Beyond Single-Model Optimization: Preserving Plasticity in Continual Reinforcement Learning

Continual reinforcement learning must balance retention with adaptation, yet many methods still rely on \emph{single-model preservation}, committing to one evolving policy as the main reusable solution across tasks. Even when a previously successful policy is retained, it may no longer provide a reliable starting point for rapid adaptation after interference, reflecting a form of \emph{loss of plasticity} that single-policy preservation cannot address. Inspired by quality-diversity methods, we introduce \textsc{TeLAPA} (Transfer-Enabled Latent-Aligned Policy Archives), a continual RL framework that organizes behaviorally diverse policy neighborhoods into per-task archives and maintains a shared latent space so that archived policies remain comparable and reusable under non-stationary drift. This perspective shifts continual RL from retaining isolated solutions to maintaining \emph{skill-aligned neighborhoods} with competent and behaviorally related policies that support future relearning. In our MiniGrid CL setting, \textsc{TeLAPA} learns more tasks successfully, recovers competence faster on revisited tasks after interference, and retains higher performance across a sequence of tasks. Our analyses show that source-optimal policies are often not transfer-optimal, even within a local competent neighborhood, and that effective reuse depends on retaining and selecting among multiple nearby alternatives rather than collapsing them to one representative. Together, these results reframe continual RL around reusable and competent policy neighborhoods, providing a route beyond single-model preservation toward more plastic lifelong agents.

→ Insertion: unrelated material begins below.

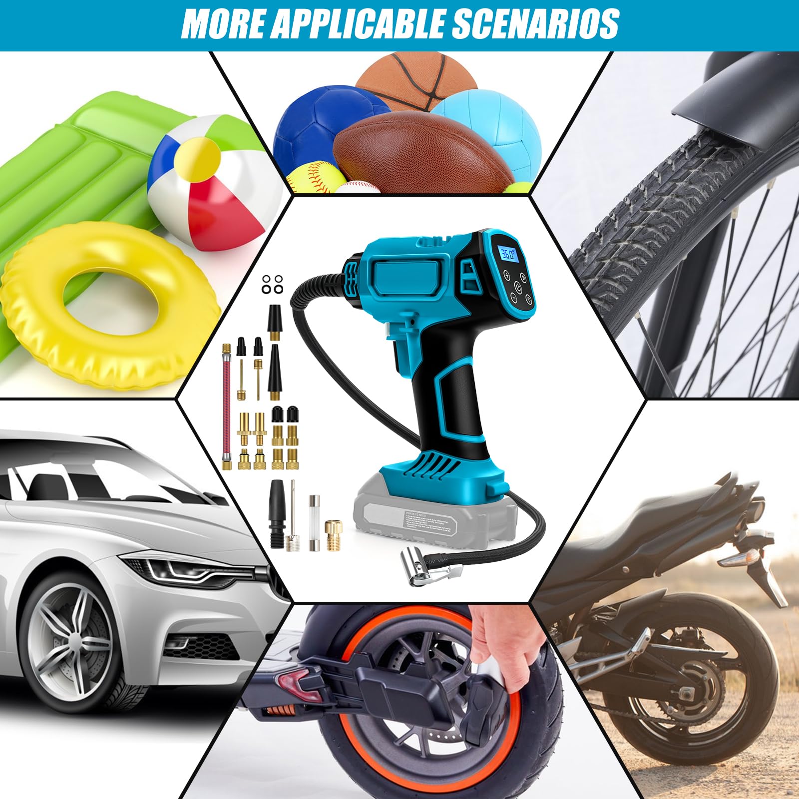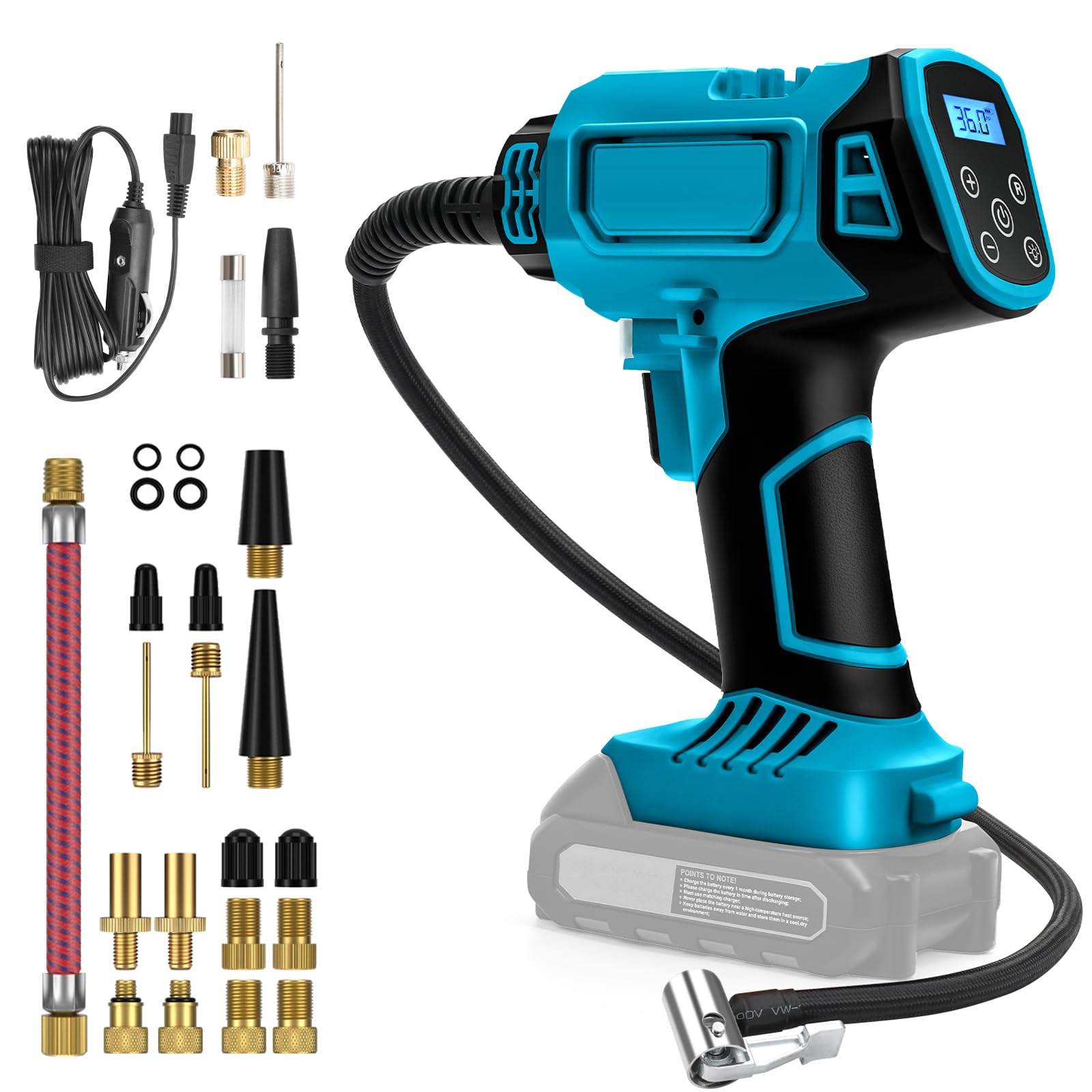 Battery compressor for Makita 18v, 130PSI electric air pump car compressor, LED digital pressure display, auto-off function, ideal for bicycle/car/ball (A)

翻译：持续强化学习需要在保持与适应之间取得平衡，然而许多方法仍依赖于*单一模型保持*，即承诺采用一个不断演化的策略作为跨任务的主要可重用解决方案。即使保留了先前成功的策略，经过干扰后，它可能不再为快速适应提供可靠起点，这体现了一种单一策略保持无法解决的*可塑性丧失*形式。受质量-多样性方法的启发，我们提出了 \textsc{TeLAPA}（支持迁移的潜在对齐策略档案库），这是一个持续强化学习框架，它将行为多样化的策略邻域组织成每个任务的档案库，并维护共享潜在空间，使得已存档的策略在非平稳漂移下保持可比性和可重用性。这一视角将持续强化学习从保留孤立解决方案转变为维护*技能对齐邻域*，其中包含具备能力且行为相关的策略，以支持未来的再学习。在MiniGrid持续学习场景中，\textsc{TeLAPA} 能够成功学习更多任务，在发生干扰后快速恢复对已访问任务的胜任能力，并在整个任务序列中保持更高性能。我们的分析表明，即使在局部胜任邻域内，源最优策略通常并非迁移最优策略，而有效的重用依赖于保留和选择多个邻近替代方案，而非将它们合并为一个代表。这些结果共同将持续强化学习重新定位为围绕可重用且胜任的策略邻域，为超越单一模型保持、迈向更具可塑性的终身智能体提供了一条路径。